The island nation has been, rightly, concerned with the havoc that drugs, their being smuggled in, their peddling, their spread can cause. And aware too of the global connect between drugs and guns and terrorism. It has, therefore, long provided for a sentence of death for drug offences, among others like murder. But for the last four decades and more has not implemented it — driven ‘somewhere’ in its collective consciousness by the Buddhist doctrine of ahimsa. When after the assassination of a high court judge in 2004 the then president, Chandrika Bandaranaike, sought to end the moratorium, there were widespread protests and she let the moratorium stay.

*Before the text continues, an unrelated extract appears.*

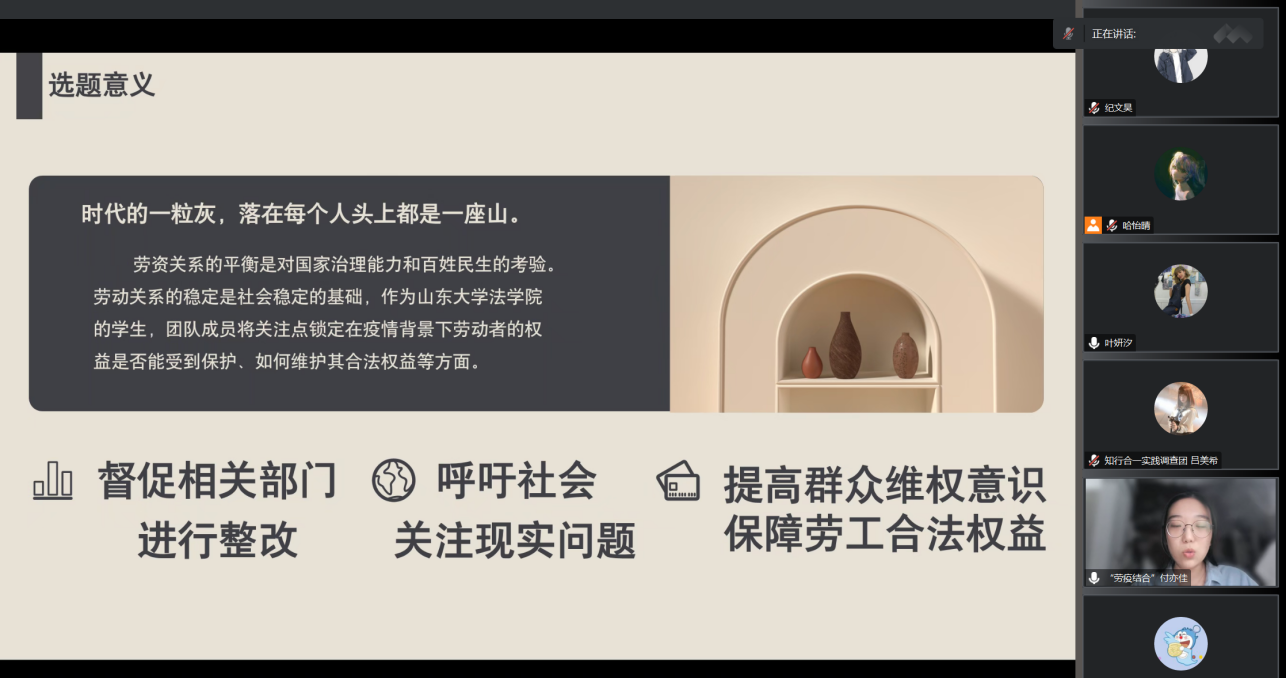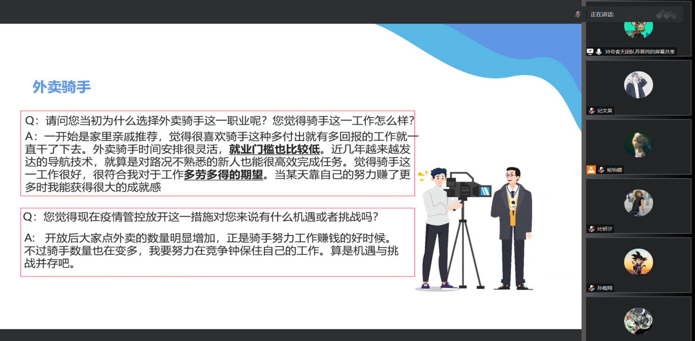 在主持人介绍规则后,答辩会正式开始。参加本次答辩会的共有44支团队,各团队负责人按照抽签顺序依次共享屏幕,结合PPT进行讲解、展示自己所在团队通过调研等方式取得的丰硕成果。

Those who believe in the deterrent capacity of the death sentence have found Sri Lanka’s moratorium naïve. Those who believe the death sentence does nothing to deter any crime have found it civilized. The first set will laud Sirisena’s decision, announced on February 6, 2019, to revive executions for drug offences. They will, in fact, hope and expect that this will lead to a return to hangings per se. There are, as of 2015, 1,116 cases on Sri Lanka’s ‘death row’.

But those who think otherwise will be startled by the tone and content of Sirisena’s statement reported by AFP: “I hope to carry out the first hanging within a month or two.” Is the President Sirisena of 2019 the same as the President Sirisena of 2016?

If the moratorium is lifted now, will drug offences plummet? Will other crimes that attract the death penalty in Sri Lanka be checked? World penological experience would say, definitely not. Only a machismo spirit will have been requited. Sri Lanka has a historic choice: to be in sync with SWRD’s modern and Buddhist spirit as well as with modern thinking and view crime and punishment differently from the Middle Ages. Or, recoil atavistically to ‘eye for an eye’.

Will, in this 60th anniversary of SWRD’s deathbed appeal, the president, Sirisena, reflect on the grace of his own 2016 action, and keep the hangman’s rope in the museum of medieval vengeance?